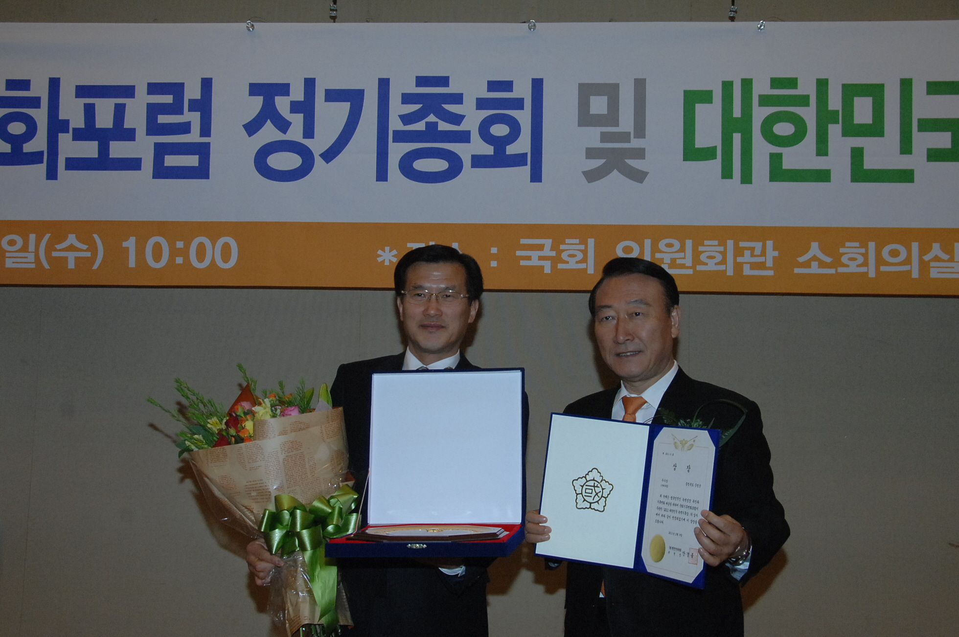 증평군이 9일 국회 의원회관에서 열린 “2011 대한민국 녹색기후상” 시상식에서 자치단체 부문 우수상을 수상했다. 사진은 안경률 국회행정안전위원장(사진오른쪽)이 홍성열 증평군수에게 상장을 수여하는 모습 [증평포커스 참조]
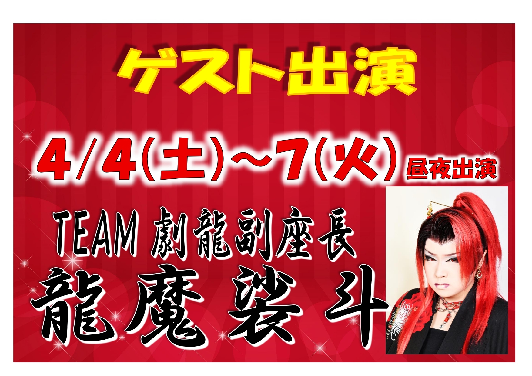 ・TEAM劇龍副座長 龍魔裟斗…4月4日(土)~7日(火)昼夜出演←NEW!!
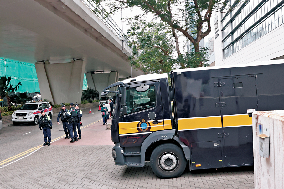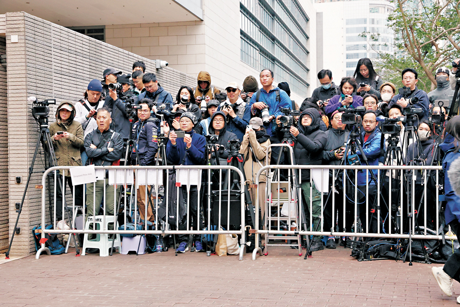 法庭早前宣布於昨日上午10時在西九龍裁判法院(暫代高等法院)開庭判刑。香港文匯報記者昨日在現場觀察發現,昨日上午8時,已有約100名市民到法庭外有序排隊輪候旁聽籌,包括支持依法嚴懲黎智英的市民,而法庭外記者區亦站滿逾百名記者。
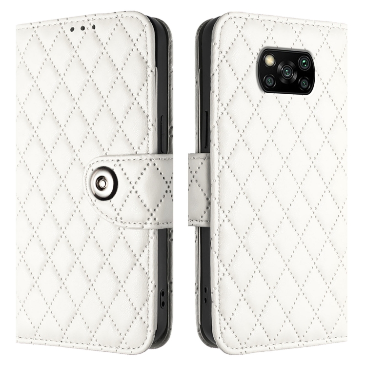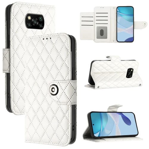 Para Xiaomi Poco X3 / X3 Nfc / X3 Pro Funda para Teléfono de Cuero con Tapa con Textura Rómbica y Cordón (Blanco)
============
Goal of the exercise -
Return the data exactly as it stands, minus the pictures.

Response to the exercise -
 증평군이 9일 국회 의원회관에서 열린 “2011 대한민국 녹색기후상” 시상식에서 자치단체 부문 우수상을 수상했다. 사진은 안경률 국회행정안전위원장(사진오른쪽)이 홍성열 증평군수에게 상장을 수여하는 모습 [증평포커스 참조]
 ・TEAM劇龍副座長 龍魔裟斗…4月4日(土)~7日(火)昼夜出演←NEW!!
 法庭早前宣布於昨日上午10時在西九龍裁判法院(暫代高等法院)開庭判刑。香港文匯報記者昨日在現場觀察發現,昨日上午8時,已有約100名市民到法庭外有序排隊輪候旁聽籌,包括支持依法嚴懲黎智英的市民,而法庭外記者區亦站滿逾百名記者。
 Para Xiaomi Poco X3 / X3 Nfc / X3 Pro Funda para Teléfono de Cuero con Tapa con Textura Rómbica y Cordón (Blanco)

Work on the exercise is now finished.